Vision-based motion analysis aims to detect, track, and identify objects, and more
generally, to understand their behaviors, from video sequences. This exciting research area
has received growing interest in recent years due to a wide spectrum of real world
applications such as biomedical image analysis and modeling, visual surveillance,
human-machine interfaces, and virtual reality.

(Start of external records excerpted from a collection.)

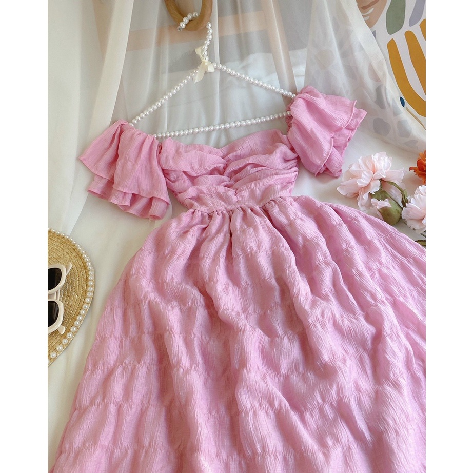 Giới thiệu đầm nữ dáng dài trễ vai (có mút) màu sắc nổi bật dễ thương
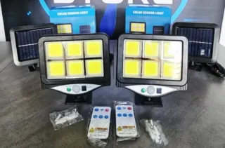 Set di faretti esterni alimentati a energia solare, dotati di sensore di movimento. Ideali per illuminare giardini, vialetti o cortili. - Design moderno e funzionale. - Facili da installare. - Controllo tramite telecomando incluso.
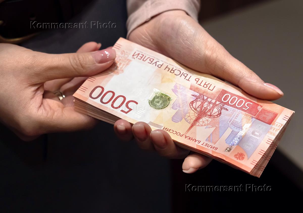 Деньги. Жанровая фотография. Женщина пересчитывает купюры достоинством пять тысяч рублей.
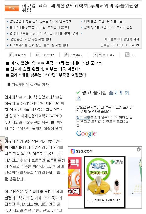 축 취임 - 이규성 교수 세계신경외과학회 두개저외과 수술위원장
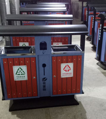 戶外鋼木分類垃圾桶廠家生產圖
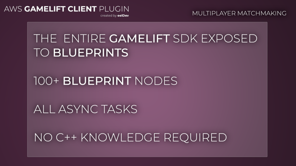 Whether you’re looking for a fully managed matchmaking system or want to run your own fleet of servers, this plugin seamlessly integrates GameLift into your Unreal Engine projects.
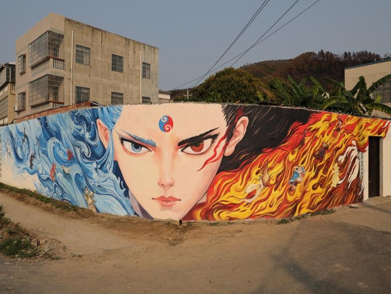井山村“小洱海”墙绘项目以“红色文化”“农耕文明”“生态旅游”等为主题,30余名师生从调研、设计、实施总计耗时3个月,在五百平方米墙面上创作《红色文化》《渔耕四季》《柿柿如意》等系列作品,将当地特色文化、田园风光转化为可互动的视觉符号,打造“一步一景”的沉浸式乡村文旅体验,验收现场,庞丽副乡长表示:“墙绘不仅扮靓了村容村貌,更让村民在艺术熏陶中增强了文化自信。”
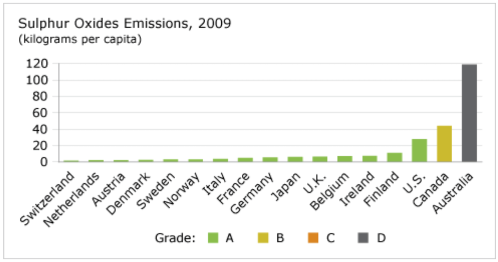 Canada earns a “B” grade for sulphur oxides emissions and ranks 16th out of 17 peer countries. Only Australia receives a lower ranking.
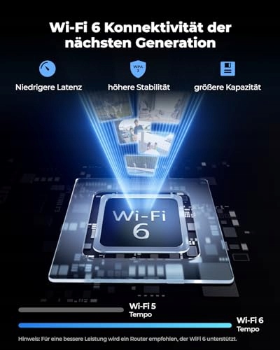 Doświadczenie Wi-Fi 6: Ta zewnętrzna kamera do monitoringu oferuje kompatybilność z WiFi 6, co oznacza: niższe opóźnienia, wyższe prędkości i zwiększone bezpieczeństwo cybernetyczne, które spełniają rosnące wymagania dzisiejszych użytkowników.
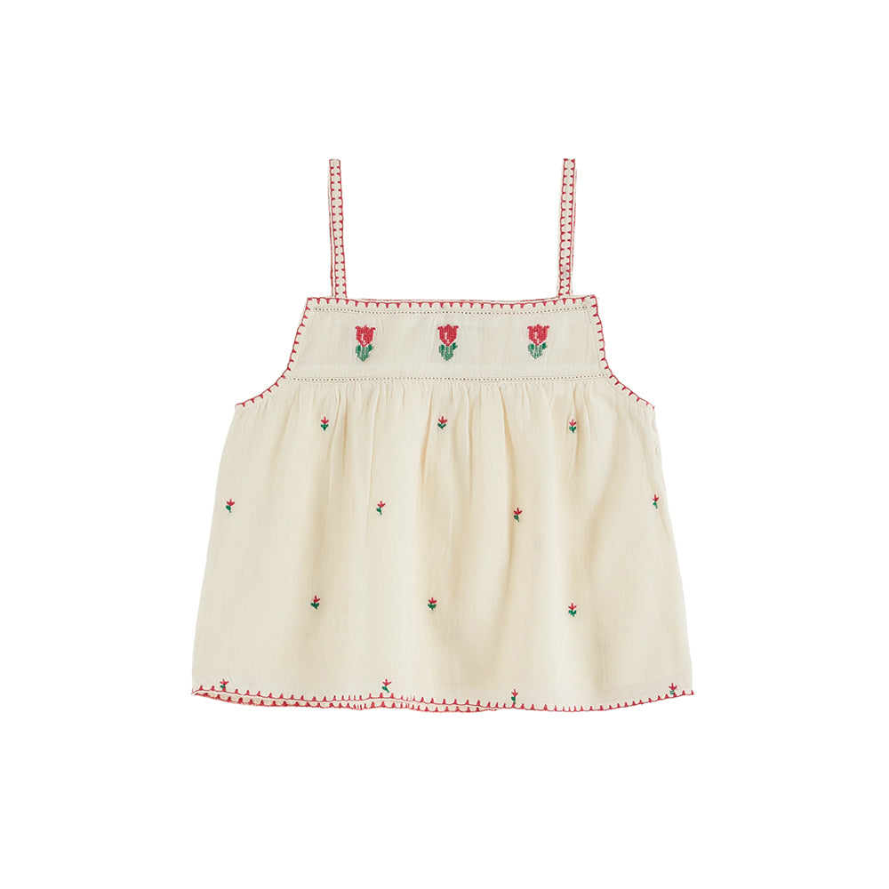 Emile Et Ida.:: Top Bretelles Brode Tulipes Ecru
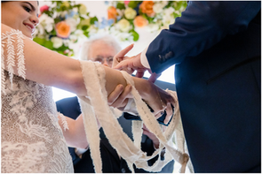 The couple wanted a bright and energetic spring garden wedding and fortunately had a thoughtful rain plan given the potential for April showers. They wanted a soft, whimsical look with lush garden flowers. To give this early spring wedding vibrancy and energy we used contrasting colors such as deeply saturated peaches, pops of blue, pink and vibrant greens. We used many early spring flowers from our gardens such as viburnum, delphinium, coral peonies and included various roses and mini carnations for color.
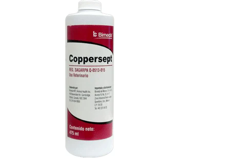 Coppersept esta indicado para tratamiento de grietas en cascos, heridas, pododermatitis necrotica (gabarro ), todo tipo de micosis (tifia o dermatofitosis), abscesos, miasis cutanea (gusaneras), verruga peluda (Fusobacterium necrophorum). Tambien es útil para la pododermatitis hipertrofica cronica o higo del caballo {Thrush).

Although there has been much progress in the past decades, many challenging problems
remain unsolved, such as robust object detection and tracking, unconstrained object activity
recognition, and communicative behavior analysis. Recently, statistical machine learning
algorithms, such as manifold learning, probabilistic graphical models, and kernel machines,
have been successfully applied in this area for object tracking, activity modeling and
recognition. We believe that novel statistical learning technologies have a strong potential to
further contribute to the development of robust yet flexible vision systems. The increasing
performance of vision systems has also brought new challenges to the field of machine
learning, e.g., learning from partial or limited annotations, online and incremental learning,
and learning with very large datasets. Solving the problems involved in object motion analysis
will naturally lead to the development of new machine learning algorithms. In return, new
machine learning algorithms are able to address more realistic problems in object motion
analysis and understanding.
This special issue aims to solicit original research contributions that address vision-based
object motion by using machine learning approaches, or that develop new machine learning
and motion analysis approaches. Submissions that address real-world challenging applications
are especially encouraged. Topics of interest include, but are not limited to:
1) Machine Learning Theories
Supervised/unsupervised/semi-supervised learning
Generative and discriminative approaches
Probabilistic graphical models and exponential families
Large-margin methods with structured output
Manifold learning
Structured Prediction
2) Motion Analysis and Understanding
Motion segmentation and object recognition
Motion feature extraction and representation
Activity analysis and unusual event detection
3) Biological and medical applications, such as:
Fluoroscopic sequence analysis
Live cell/tissue motion analysis
Image guided surgery
Important Dates
Papers should be received by December 1, 2011
First reviews will be returned to authors by March 1, 2012
Revised manuscripts should be submitted by May 1, 2012
Possible second reviews will be returned to authors by July 1, 2012
Revised manuscripts should be submitted by August 1, 2012
Final decisions will be communicated by August 15, 2012
Final manuscripts are due by September 15, 2012
The special issue will be (tentatively) published in December 2012
Guest Editors
Prof. Matti Pietikäinen (mkp@ee.oulu.fi), University of Oulu, Finland
Prof. Matthew Turk (mturk@cs.ucsb.edu), University of California, Santa Barbara, USA
Dr. Liang Wang (wangliangnlpr@gmail.com), Chinese Academy of Sciences
Dr. Guoying Zhao (gyzhao@ee.oulu.fi), University of Oulu, Finland
Dr. Li Cheng (chengli@bii.a-star.edu.sg), Bioinformatics Institute, A*STAR, Singapore
Submission Procedure
Prospective authors should follow the regular guidelines of the Image and Vision
Computing Journal for electronic submission: (http://ees.elsevier.com/imavis). During
submission authors must select the “Special Issue: Machine Learning in Motion Analysis”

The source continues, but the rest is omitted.